• What you need to do:
Below are lines of records; copy exactly those from the one containing "運動会テーマ「全力疾走」" through the one containing "Fingerring af guld", leaving the pictures behind.
━━ Supplied information ━━
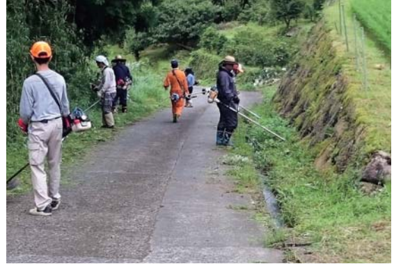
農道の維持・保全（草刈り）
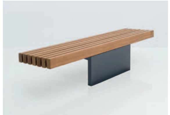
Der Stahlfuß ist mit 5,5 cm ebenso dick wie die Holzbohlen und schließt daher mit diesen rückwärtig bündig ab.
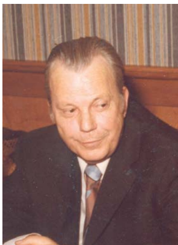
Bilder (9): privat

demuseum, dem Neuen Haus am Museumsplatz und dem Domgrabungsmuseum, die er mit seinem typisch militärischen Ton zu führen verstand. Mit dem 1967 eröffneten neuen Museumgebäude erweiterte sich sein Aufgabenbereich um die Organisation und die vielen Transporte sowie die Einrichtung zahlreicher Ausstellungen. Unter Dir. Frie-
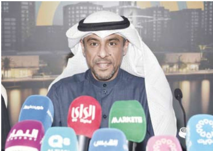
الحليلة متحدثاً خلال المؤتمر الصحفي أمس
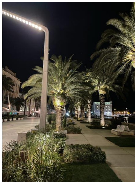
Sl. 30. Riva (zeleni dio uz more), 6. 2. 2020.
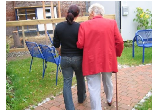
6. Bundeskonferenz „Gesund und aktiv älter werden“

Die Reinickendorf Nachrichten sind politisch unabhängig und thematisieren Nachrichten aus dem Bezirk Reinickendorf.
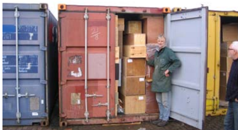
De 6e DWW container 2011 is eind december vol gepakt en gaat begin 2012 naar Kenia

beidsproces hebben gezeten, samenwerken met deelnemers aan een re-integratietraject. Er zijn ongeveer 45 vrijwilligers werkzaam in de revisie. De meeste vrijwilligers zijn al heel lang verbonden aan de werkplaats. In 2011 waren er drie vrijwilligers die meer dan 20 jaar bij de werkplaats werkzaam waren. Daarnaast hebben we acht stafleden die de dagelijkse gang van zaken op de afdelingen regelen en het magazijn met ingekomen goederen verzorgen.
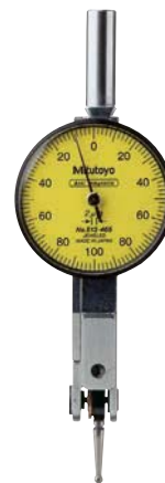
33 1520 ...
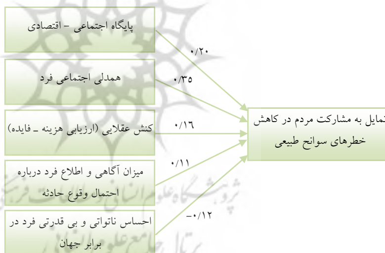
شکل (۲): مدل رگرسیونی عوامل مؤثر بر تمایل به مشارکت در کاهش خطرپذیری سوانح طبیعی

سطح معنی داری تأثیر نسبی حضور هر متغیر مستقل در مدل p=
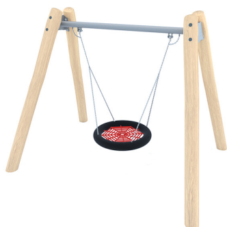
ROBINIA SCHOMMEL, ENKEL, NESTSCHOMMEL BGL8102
━━━
━━ Supplied information ━━
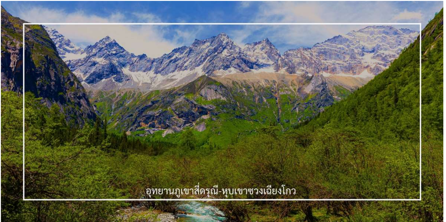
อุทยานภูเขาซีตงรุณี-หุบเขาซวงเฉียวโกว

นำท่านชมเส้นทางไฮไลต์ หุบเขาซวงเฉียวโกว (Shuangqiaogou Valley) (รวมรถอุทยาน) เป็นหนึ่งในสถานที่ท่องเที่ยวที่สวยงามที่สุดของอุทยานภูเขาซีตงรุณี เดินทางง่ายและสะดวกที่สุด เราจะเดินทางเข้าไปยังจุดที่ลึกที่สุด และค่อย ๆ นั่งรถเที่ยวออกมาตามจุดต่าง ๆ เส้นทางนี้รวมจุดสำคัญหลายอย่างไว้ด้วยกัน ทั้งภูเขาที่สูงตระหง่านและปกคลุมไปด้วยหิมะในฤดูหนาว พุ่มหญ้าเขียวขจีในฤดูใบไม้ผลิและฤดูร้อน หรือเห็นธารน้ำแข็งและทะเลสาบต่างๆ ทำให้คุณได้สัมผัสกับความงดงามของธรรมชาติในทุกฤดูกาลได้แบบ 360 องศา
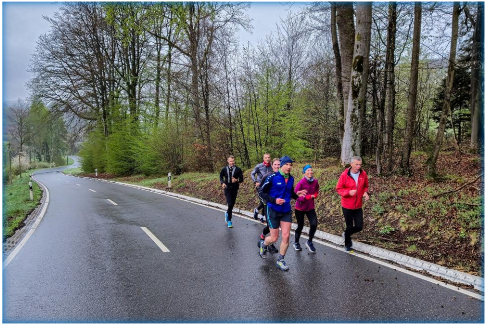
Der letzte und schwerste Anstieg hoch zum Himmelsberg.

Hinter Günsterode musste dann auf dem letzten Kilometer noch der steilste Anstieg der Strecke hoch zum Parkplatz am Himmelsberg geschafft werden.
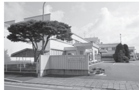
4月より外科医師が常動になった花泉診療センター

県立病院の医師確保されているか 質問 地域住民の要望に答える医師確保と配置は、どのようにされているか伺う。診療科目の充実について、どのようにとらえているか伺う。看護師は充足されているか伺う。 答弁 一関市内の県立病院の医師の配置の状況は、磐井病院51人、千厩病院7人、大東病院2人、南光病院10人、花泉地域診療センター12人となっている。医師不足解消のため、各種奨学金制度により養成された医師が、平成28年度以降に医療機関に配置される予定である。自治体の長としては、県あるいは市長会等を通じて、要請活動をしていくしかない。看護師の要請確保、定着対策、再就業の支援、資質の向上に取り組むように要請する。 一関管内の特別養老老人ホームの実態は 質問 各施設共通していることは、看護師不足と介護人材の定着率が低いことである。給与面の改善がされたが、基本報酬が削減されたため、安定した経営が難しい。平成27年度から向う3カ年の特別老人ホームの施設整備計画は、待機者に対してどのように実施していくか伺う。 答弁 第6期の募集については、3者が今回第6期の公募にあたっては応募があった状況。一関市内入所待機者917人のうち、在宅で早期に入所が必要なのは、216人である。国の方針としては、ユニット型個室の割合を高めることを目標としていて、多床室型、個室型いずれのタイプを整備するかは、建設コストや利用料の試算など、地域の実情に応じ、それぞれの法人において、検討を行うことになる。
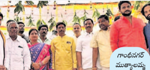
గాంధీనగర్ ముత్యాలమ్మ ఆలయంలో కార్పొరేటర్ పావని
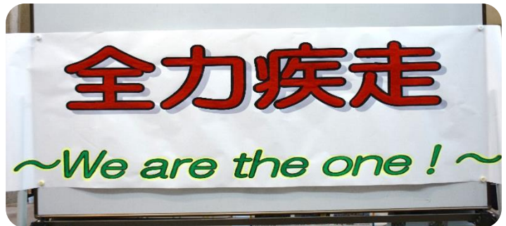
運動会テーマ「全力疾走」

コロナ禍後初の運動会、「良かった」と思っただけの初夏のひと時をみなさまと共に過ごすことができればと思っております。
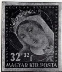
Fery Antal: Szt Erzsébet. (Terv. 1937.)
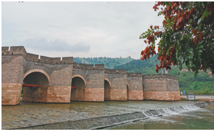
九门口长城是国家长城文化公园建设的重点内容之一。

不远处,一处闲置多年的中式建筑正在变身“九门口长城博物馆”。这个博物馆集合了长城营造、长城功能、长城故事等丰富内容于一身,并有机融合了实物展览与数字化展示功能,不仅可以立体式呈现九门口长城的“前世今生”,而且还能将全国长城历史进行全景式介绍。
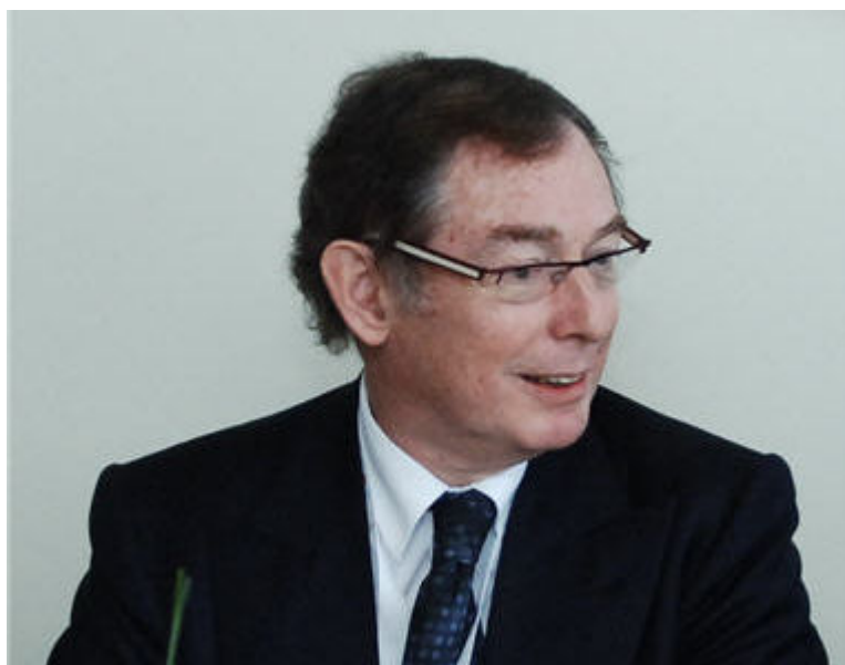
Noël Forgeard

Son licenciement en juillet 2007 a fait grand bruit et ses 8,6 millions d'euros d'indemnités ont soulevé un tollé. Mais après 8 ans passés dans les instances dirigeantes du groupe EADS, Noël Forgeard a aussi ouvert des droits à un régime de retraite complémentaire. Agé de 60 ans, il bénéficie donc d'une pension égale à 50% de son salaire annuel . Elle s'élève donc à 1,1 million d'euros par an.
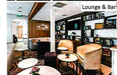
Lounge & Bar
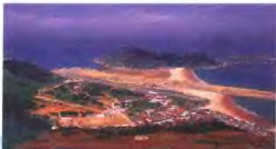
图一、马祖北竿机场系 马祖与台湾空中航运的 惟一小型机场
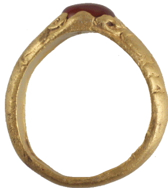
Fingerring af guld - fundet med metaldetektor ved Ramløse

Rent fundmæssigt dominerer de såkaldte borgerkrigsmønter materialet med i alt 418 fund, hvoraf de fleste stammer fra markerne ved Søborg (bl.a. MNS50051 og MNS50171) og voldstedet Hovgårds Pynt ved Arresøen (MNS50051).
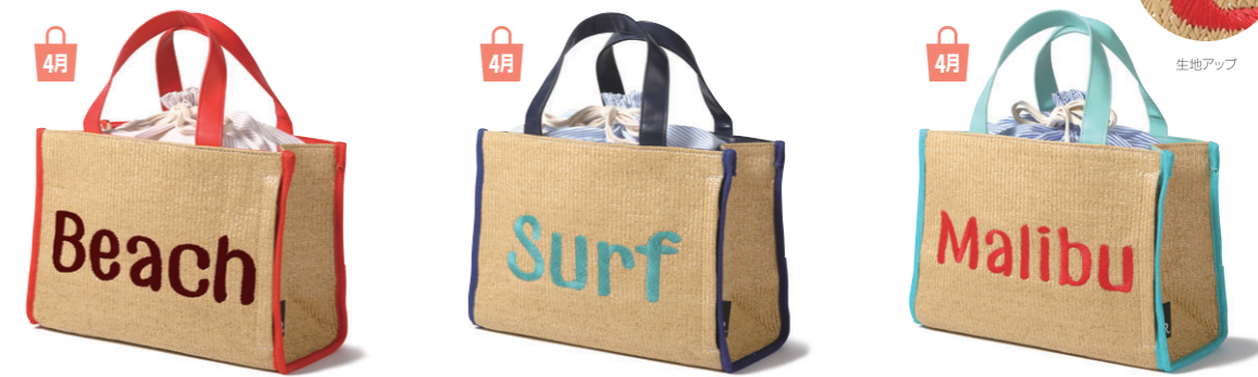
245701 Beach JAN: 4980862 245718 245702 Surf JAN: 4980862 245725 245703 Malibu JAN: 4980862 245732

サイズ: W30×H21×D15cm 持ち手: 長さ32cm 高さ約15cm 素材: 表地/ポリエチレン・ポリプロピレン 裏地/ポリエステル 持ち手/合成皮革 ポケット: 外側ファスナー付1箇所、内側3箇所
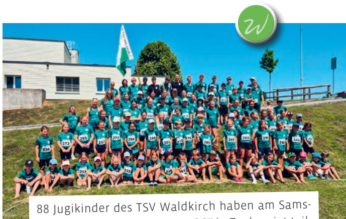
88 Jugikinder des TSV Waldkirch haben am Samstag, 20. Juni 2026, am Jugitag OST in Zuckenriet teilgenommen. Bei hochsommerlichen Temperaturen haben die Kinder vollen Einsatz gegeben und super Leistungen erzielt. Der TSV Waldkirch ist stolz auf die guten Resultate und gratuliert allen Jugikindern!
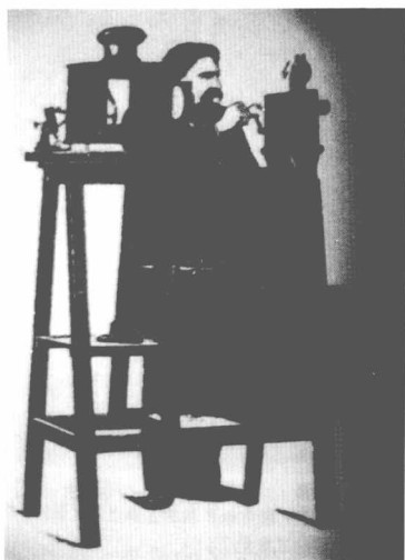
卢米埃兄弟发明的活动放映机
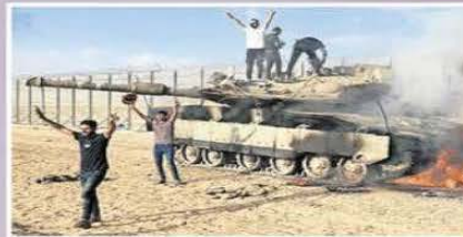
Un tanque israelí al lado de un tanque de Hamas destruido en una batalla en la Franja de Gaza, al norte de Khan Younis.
━━━
• Response to this task:
運動会テーマ「全力疾走」

コロナ禍後初の運動会、「良かった」と思っただけの初夏のひと時をみなさまと共に過ごすことができればと思っております。
Fery Antal: Szt Erzsébet. (Terv. 1937.)
九门口长城是国家长城文化公园建设的重点内容之一。

不远处,一处闲置多年的中式建筑正在变身“九门口长城博物馆”。这个博物馆集合了长城营造、长城功能、长城故事等丰富内容于一身,并有机融合了实物展览与数字化展示功能,不仅可以立体式呈现九门口长城的“前世今生”,而且还能将全国长城历史进行全景式介绍。
Noël Forgeard

Son licenciement en juillet 2007 a fait grand bruit et ses 8,6 millions d'euros d'indemnités ont soulevé un tollé. Mais après 8 ans passés dans les instances dirigeantes du groupe EADS, Noël Forgeard a aussi ouvert des droits à un régime de retraite complémentaire. Agé de 60 ans, il bénéficie donc d'une pension égale à 50% de son salaire annuel . Elle s'élève donc à 1,1 million d'euros par an.
Lounge & Bar
图一、马祖北竿机场系 马祖与台湾空中航运的 惟一小型机场
Fingerring af guld - fundet med metaldetektor ved Ramløse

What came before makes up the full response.